A preliminary review of the available evidence indicates that immune reactions observed in the reported cases may be linked to the use of Zinbryta. Zinbryta may also be linked to severe immune reactions affecting several other organs.
To protect patients’ health, EMA is recommending the immediate suspension of the medicine‘s marketing authorization in the European Union (EU) and a recall of batches from pharmacies and hospitals.
No new patients should start treatment with Zinbryta, according to EMA, and healthcare professionals should immediately contact patients currently being treated with Zinbryta and should stop their treatment and consider alternatives. Patients stopping treatment must be followed up for at least six months (see more details below).
EMA’s recommendation to suspend Zinbryta and recall the product is being sent to the European Commission for a legally binding decision.

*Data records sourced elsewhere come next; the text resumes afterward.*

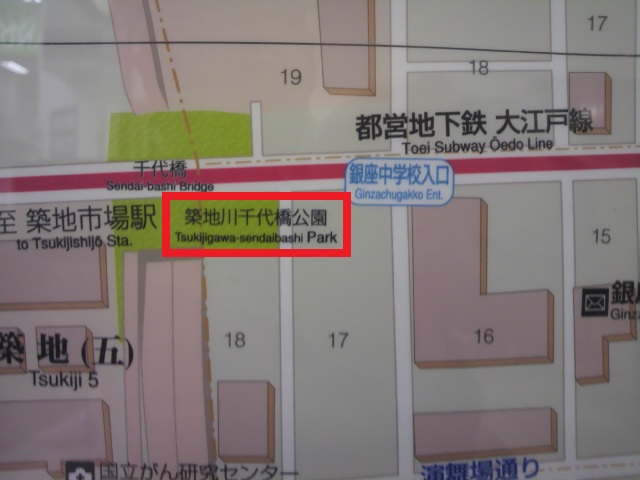 銀座の花椿通りから徒歩圏内にありますので、築地中央市場へ足を延ばす人が、見通しの良い千代橋公園で足を止めることも多いです。
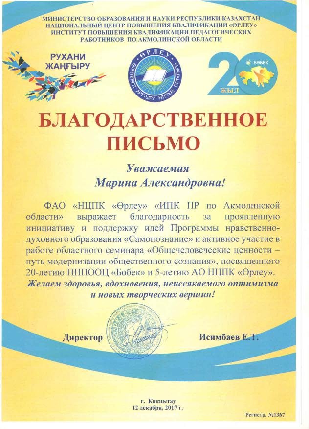 12 декабря 2017 года, педагог высшей категории нашего детского сада Аносова Марина Александровна приняла участие в областном семинаре областного ФАО "Өрлеу" "ИПК ПР по программе нравственно - духовного образования " Самопознание" по теме: "Жалпыадамзаттық құндылықтар - қоғамдық сананы жаңғырту жолы" , " Общечеловеческие ценности - путь модернизации общественного сознания", посвященного 20-летию ННПООЦ "БӨБЕК" и 5 -ти летию АО НЦПК "Өрлеу"на данный семинар был представлен доклад по теме: "Развитие личности дошкольника на занятиях "Самопознания" и видеоматериал по данной теме. По итогам семинара ей было вручено Благодарственное письмо ФАО "Өрлеу" "ИПК ПР за проявленную инициативу и поддержку идей программы нравственно - духовного образования " Самопознание" и сертификат участника семинара.
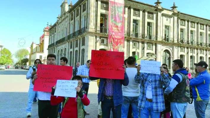 Con pancartas en las que se leía "Diciembre negro para bomberos otra vez", "mi familia también quiere una Navidad feliz", "Exigimos nuestras prestaciones dignas", y "pago de aguinaldos",entreotras,loselementosdeprotección civil y bomberos, denunciaron también que les ha tocado realizar tareas quenolescorresponde,ademásdequeno es la primera vez que se les han atrasado lospagos.Porello,hicieronunllamadoala gobernadora Delfina Gómez para que les
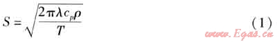 在建筑熱工研究中,把某一勻質(zhì)半無限大平壁一側(cè)受到諧波熱作用時,迎波面上接受的熱流波幅與該表面的溫度波幅之比作為材料的蓄熱系數(shù)。蓄熱系數(shù)越大,墻體材料的熱穩(wěn)定性越好。墻體材料蓄熱系數(shù)S的計算式為:
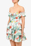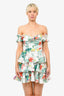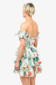 Caroline Constas White/Green Floral Print Tiered Lace Dress Est. Size S
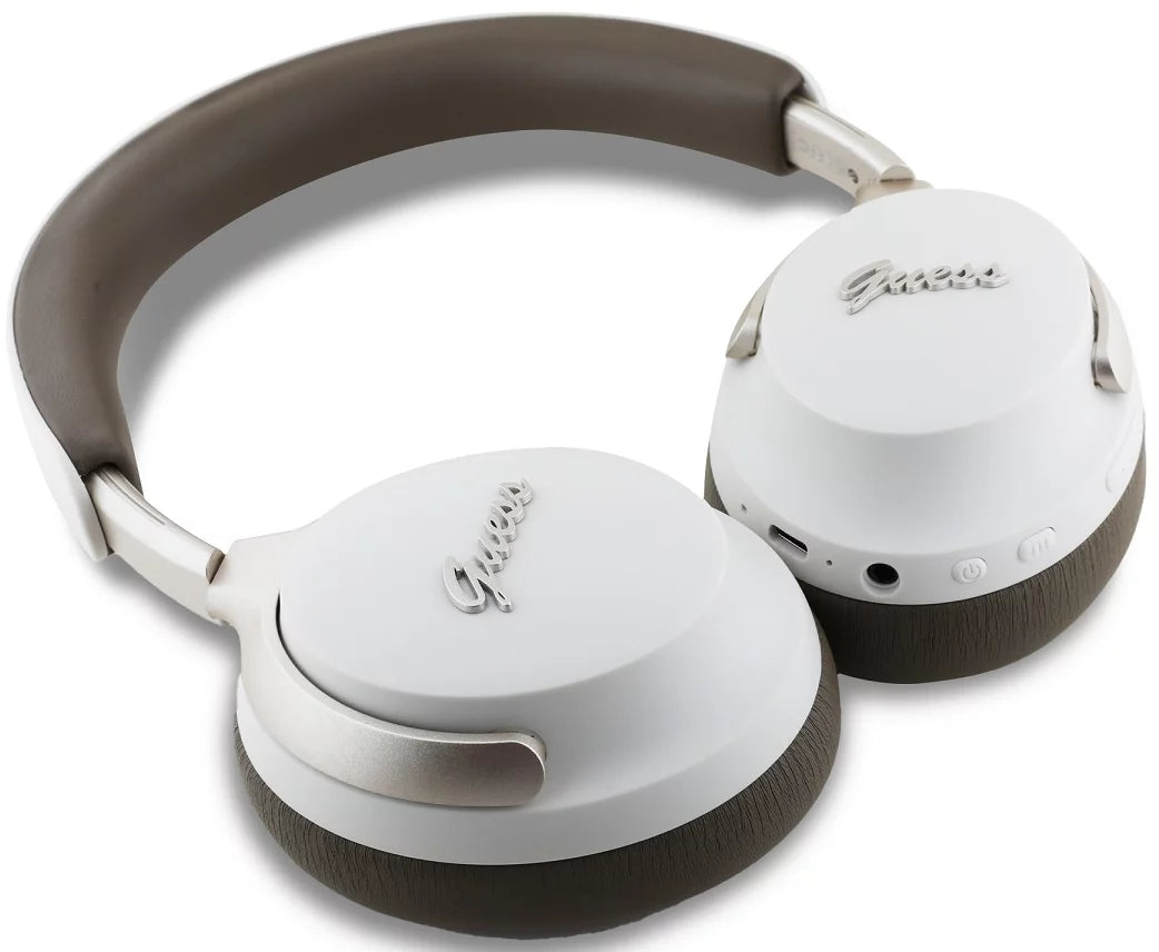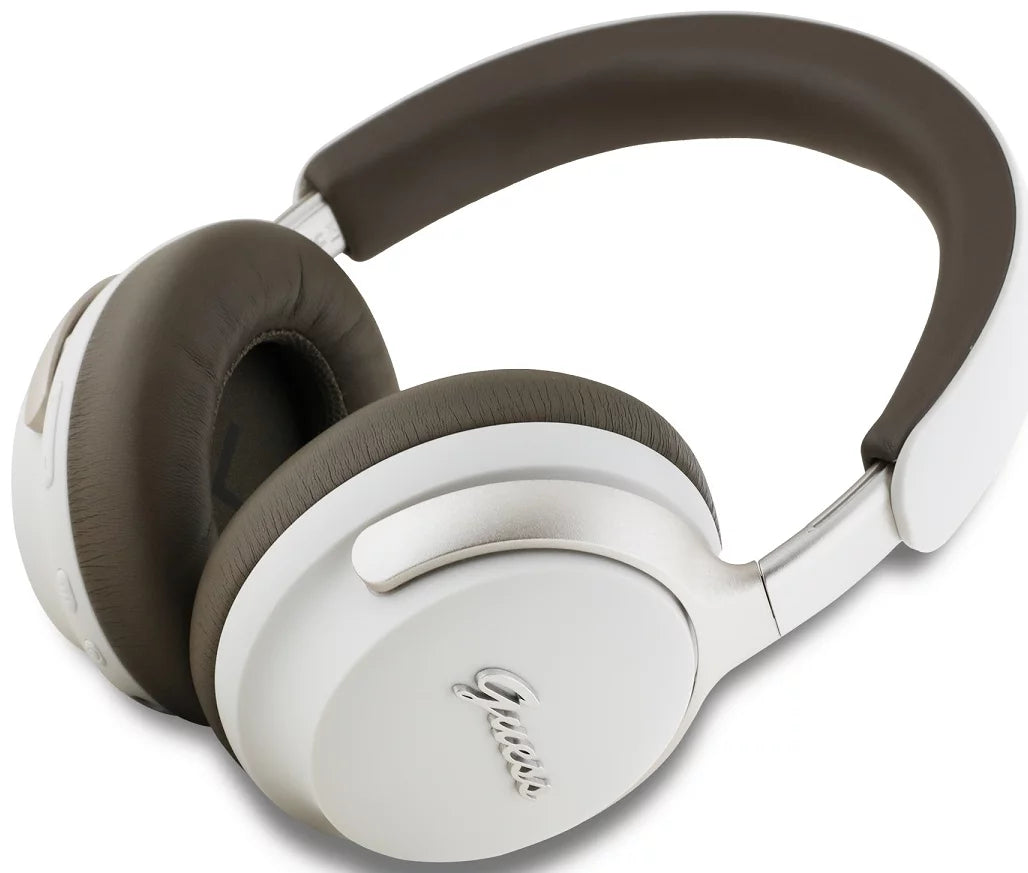 Guess PU Leather Script Logo ANC/ENC Wireless Headphone Beige | BLUETOOTH
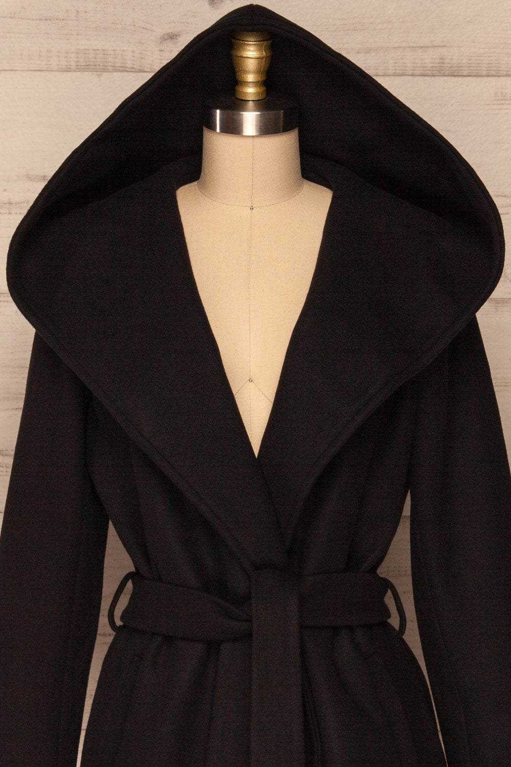 This long coat will envelop you in warmth and style! Its soft felt and bulky hood will provide you with comfort and protection from the cold, while the fabric belt that closes the coat will accentuate your waist.
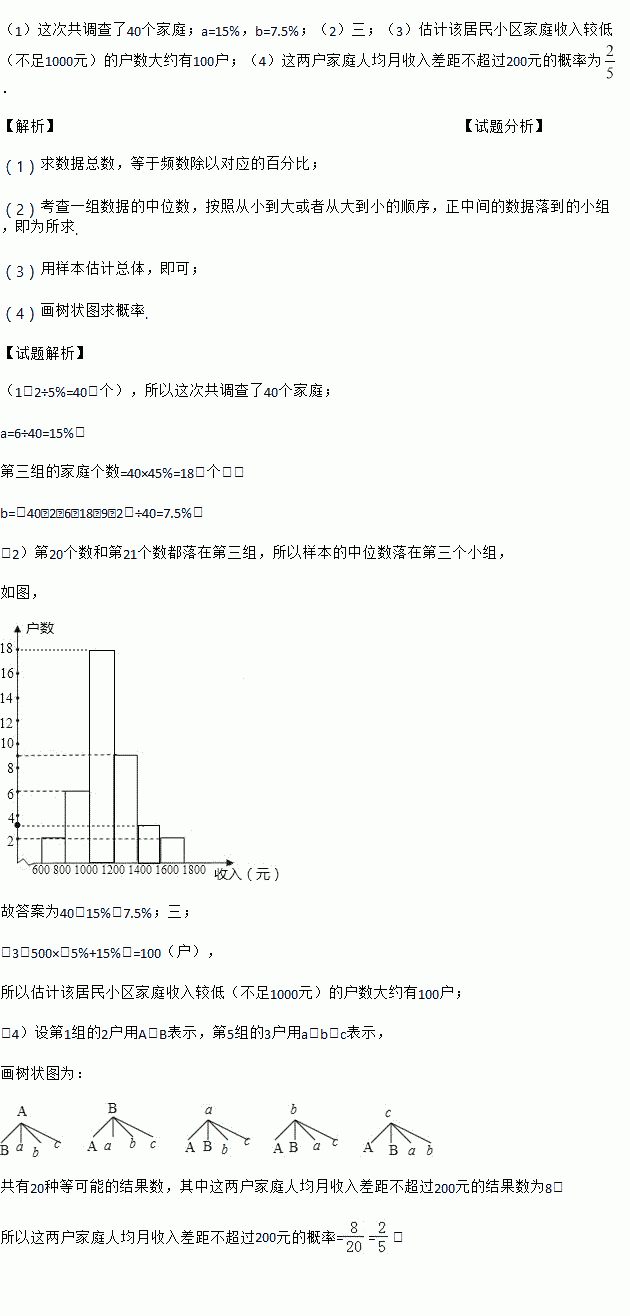 (4)在第1组和第5组的家庭中,随机抽取2户家庭,求这两户家庭人均月收入差距不超过200元的概率.
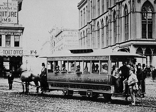 In San Francisco horsecar lines were crisscrossing the city by the 1860s. Here’s one of the first lines at Market and Post on its way to Woodward’s Gardens:
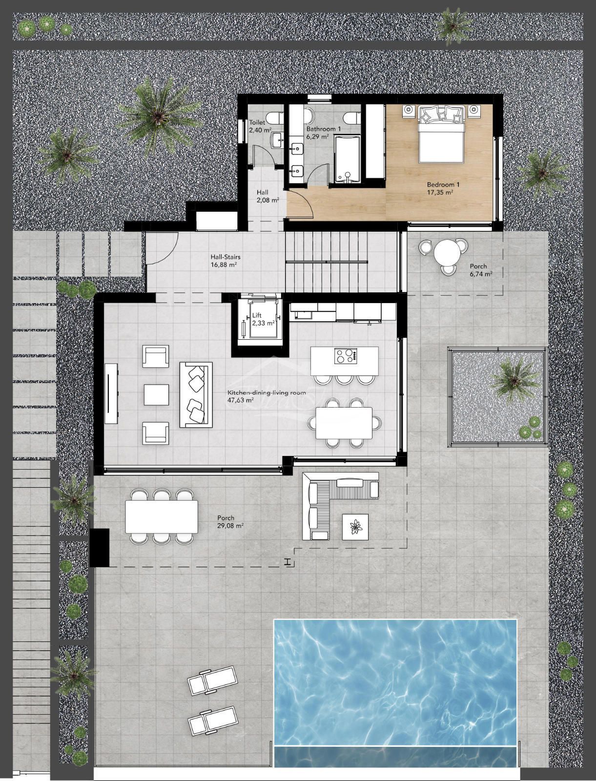 La villa se integra armoniosamente en el paisaje, con líneas arquitectónicas limpias, vegetación autóctona, vistas al mar y espacios diseñados para disfrutarse tanto en el interior como en el exterior durante todo el año. Ha sido concebida para maximizar la luz natural gracias a sus grandes ventanales y su orientación sur, que inundan cada estancia de luminosidad. Materiales nobles, tecnología integrada y una funcionalidad elegante definen cada detalle.

The company that markets Zinbryta (Biogen Idec Ltd.) has already voluntarily requested a withdrawal of the medicine’s marketing authorization and informed EMA of its intention to stop clinical studies.
Information for patients
Information for healthcare professionals
To date, EMA’s Pharmacovigilance Risk Assessment Committee (PRAC) has reviewed 12 cases of immune-mediated inflammatory disorders, including encephalitis . Most cases occurred within eight months of starting treatment.
A previous PRAC review in 2017 found that unpredictable and potentially fatal immune-mediated liver injury can occur with Zinbryta for up to six months after stopping treatment and concluded that patients stopping treatment should be followed up.
Available evidence also indicates that Zinbryta could be linked to other immune-mediated disorders, such as blood dyscrasias, thyroiditis or glomerulonephritis.